Gene expression results

Expression analysis was performed evaluating the RNAseq database generated from xylem of E. grandis, E. globulus and E. urophylla (Salazar et al. manuscript in submission). Results reveal the absence of EgrSHN1 or EgrSHN2 transcripts in the xylem of these three species, which is similar to the expression observed for AtSHN1 and AtSHN2 genes (Broun et al. 2004). Accordingly, qRT-PCR results indicated that EgrSHN1 expression is similar to AtSHN1 transcription in A. thaliana, i.e. higher expression in flower than in leaves and immature xylem (Fig. 3a) (Broun et al. 2004). In the case of EgrSHN2 gene, qRT-PCR results were inconclusive (data not shown).

Fig. 3
figure 3

a EgrSHN1 expression ratio in flower (rich in abscission and dehiscence zones), leaf and immature xylem assessed through qRT-PCR. Data are expressed as fold change and “immature xylem” was chosen as reference condition. This experiment was carried on with biological triplicates so error bars represent SE (n = 3). b RNAseq data for the both genes closest linked to EgrSHNs phylogenetically. In this experiment, E. urograndis young plants were supplemented with flavonoid (chalcone and narigenin) in order to reduce wood lignification (Lepikson et al. submitted). Both sequences were repressed in samples under supplementation with flavones, indicating a possible involvement in wood formation

The expression of Egr33m and Egr40m genes was also investigated in RNAseq database. At the contrary of EgrSHNs, both transcripts were detected in xylem of the three Eucalyptus species (Salazar et al. manuscript in submission). Besides, in an RNAseq database generated by other work in our group (Lepikson-Neto et al. manuscript in preparation), it was observed that Egr33m and Egr40m are inhibited in presence of flavonoids narigenin-chalcone and narigenin (Fig. 3b). Since flavonoid supplementation is proved as an efficient way to decrease wood lignification (Besseau et al. 2007), we hypothesize that both genes might be involved in lignin deposition.
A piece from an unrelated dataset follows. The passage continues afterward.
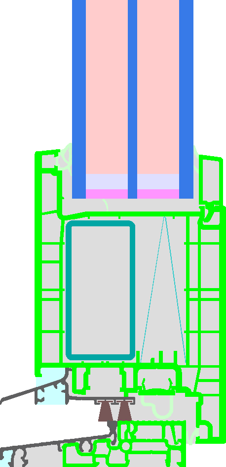 PVC frame with low emissivity bars (e = 5 %) for improving the thermal resistance; Steel reinforcement in the sash and at the lock side also in the blind frame; Maximum Sash dimensions with the chosen reinforcement: 1.05 m * 2.30 m. Pane thickness: 52 mm (6/18/4/18/6), rebate depth: 21 mm. Spacer: MULTITECH G.
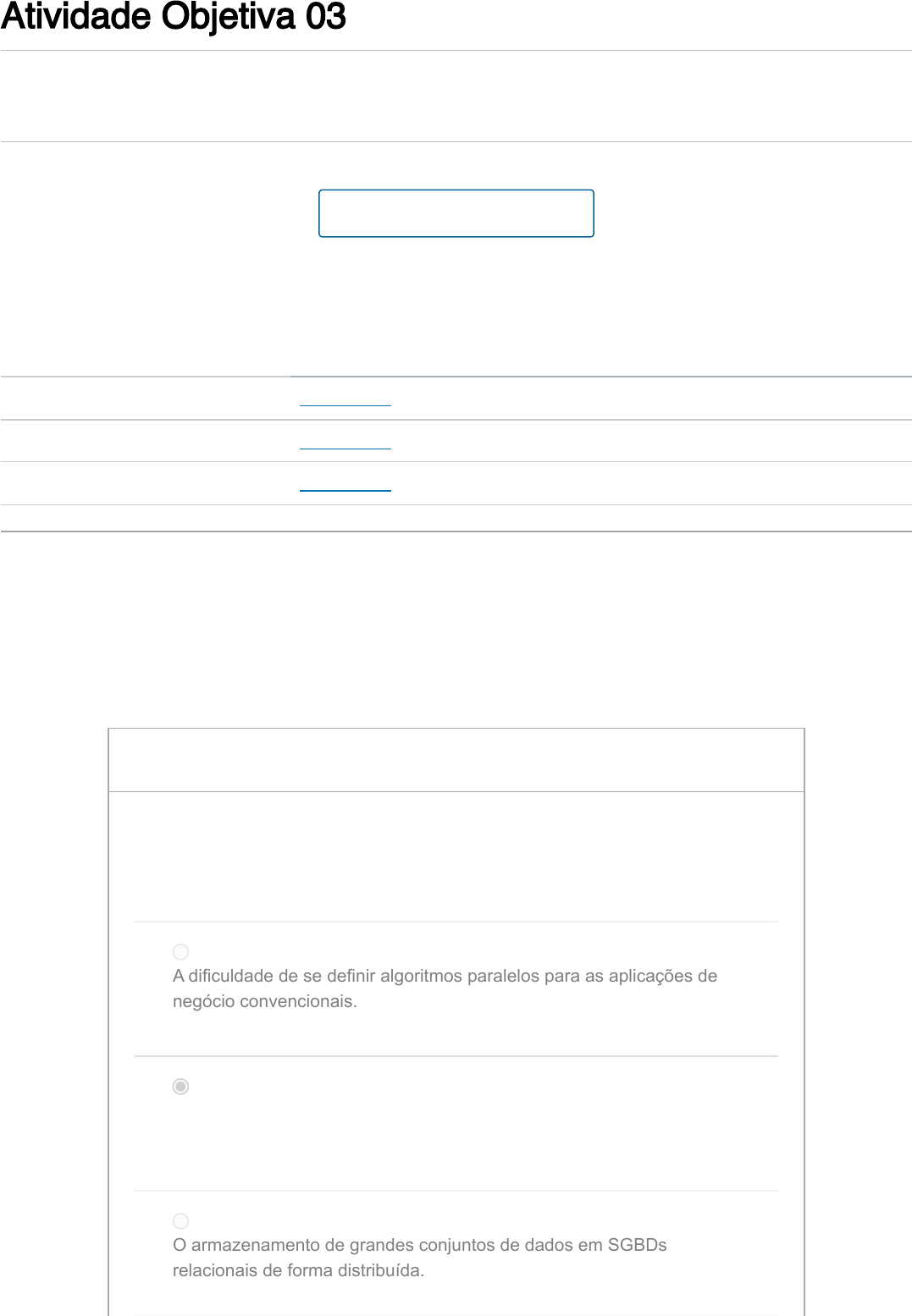 03/04/2023, 10:19 Atividade Objetiva 03: 09 - Engenharia de Dados (2022) https://pucminas.instructure.com/courses/90109/quizzes/321369 1/4 Atividade Objetiva 03 Entrega Sem prazo Pontos 10 Perguntas 5 Limite de tempo Nenhum Tentativas permitidas Sem limite Histórico de tentativas Tentativa Tempo Pontuação MANTIDO Tentativa 2 4 minutos 10 de 10 MAIS RECENTE Tentativa 2 4 minutos 10 de 10 Tentativa 1 9 minutos 8 de 10 As respostas corretas estão ocultas. Pontuação desta tentativa: 10 de 10 Enviado 3 abr em 10:20 Esta tentativa levou 4 minutos. Fazer o teste novamente 2 / 2 ptsPergunta 1 Pode-se dizer que é uma das vantagens da utilização do framework Hadoop no contexto de Big Data: A dificuldade de se definir algoritmos paralelos para as aplicações de negócio convencionais. A utilização de hardware barato e abundante para solução do problema de se armazenar grandes volumes de dados associados ao Big Data. O armazenamento de grandes conjuntos de dados em SGBDs relacionais de forma distribuída. https://pucminas.instructure.com/courses/90109/quizzes/321369/history?version=2 https://pucminas.instructure.com/courses/90109/quizzes/321369/history?version=2 https://pucminas.instructure.com/courses/90109/quizzes/321369/history?version=1 https://pucminas.instructure.com/courses/90109/quizzes/321369/take?user_id=166255 03/04/2023, 10:19 Atividade Objetiva 03: 09 - Engenharia de Dados (2022) https://pucminas.instructure.com/courses/90109/quizzes/321369 2/4 O alto custo da implementação de soluções para tratamento e análise de grandes volumes de dados. 2 / 2 ptsPergunta 2 Analise as afirmativas a seguir, considerando-se o contexto de Big Data: I – O que caracteriza as aplicações de Big Data é exclusivamente o grande volume de dados envolvido. II – Aplicações de Big Data gerenciam e manipulam dados que, por característica, são armazenados em bancos de dados relacionais. III – Sensores de IoT são atualmente responsáveis pela geração de um grande volume de dados que podem ser classificados como Big Data. É correto o que se afirma em: I apenas. I e II apenas. III apenas. II apenas. 2 / 2 ptsPergunta 3 Avalie as duas afirmativas a seguir: (I) A partir do desenvolvimento do Hadoop surgiu o termo ecossistema, associado ao conjunto de ferramentas desenvolvidas que oferecem funcionalidades adicionais no contexto de Big Data. POR QUE 03/04/2023, 10:19 Atividade Objetiva 03: 09 - Engenharia de Dados (2022) https://pucminas.instructure.com/courses/90109/quizzes/321369 3/4 (II) Esse conjunto de ferramentas é capaz de oferecer aos usuários de aplicações de Big Data uma vasta gama de recursos para processamento de grandes volumes de dados. Pode-se dizer que: apenas a segunda afirmação está correta. as duas afirmações estão corretas, mas a segunda não é uma explicação da primeira. apenas a primeira afirmação está correta. as duas afirmações estão corretas e a segunda é uma explicação da primeira. 2 / 2 ptsPergunta 4 Considere as duas definições apresentadas abaixo: I – Modelo de programação tradicionalmente utilizado em aplicações de Big Data, caracterizado por duas etapas principais: uma que divide o problema para o processamento paralelo e distribuído e outra que reúne as soluções parciais encontradas. II – Framework desenvolvido para suporte às tecnologias utilizadas no processamento de volumes massivos de dados (Big Data). Os itens (I) e (II) acima referem-se respectivamente a: Data Mining e Weka. SQL e Hadoop. MapReduce e Hadoop. MapReduce e Data Warehouse. 03/04/2023, 10:19 Atividade Objetiva 03: 09 - Engenharia de Dados (2022) https://pucminas.instructure.com/courses/90109/quizzes/321369 4/4 2 / 2 ptsPergunta 5 Há estudos de que o volume de dados gerados pela humanidade excede a capacidade de armazenamento e processamento pelas tecnologias disponíveis. O conceito associado ao tipo de aplicação que trata volumes de dados massivos ficou conhecido como _____________. Nesse contexto, os dados podem estar em variados _____________ e origens, com grande demanda por ferramentas para sua gerência e manipulação. A alternativa que preenche corretamente as lacunas acima é: Big Data – formatos data warehouse – modelos cloud computing – metadados data mining – conceitos Pontuação do teste: 10 de 10

In our work we did not perform qRT-PCR of Egr33m and Egr40m genes, since we focused in the characterization of the genes considered true SHN TF Eucalyptus genes.

As conclusion of the present work, two Eucalyptus SHINE genes were identified (EgrSHN1 and EgrSHN2), as well as two close sequences (Egr33m and Egr40m). Phylogenetic analysis indicated that the two Eucalyptus EgrSHNs evolved from the same ancestor sequence by a duplication event. Expression similarities between AtSHNs and EgrSHNs allow concluding that Eucalyptus SHINEs might actually develop SHINE functions. Additionally, Egr33m and Egr40m also might participate in cell wall biosynthesis once there expression is altered under a lignification inhibitory treatment, i.e. Eucalyptus seedlings flavonoid supplementation. The identification of SHINE transcription factors in Eucalyptus can generate information about wood formation processes allowing the increase in forest plantation productivity.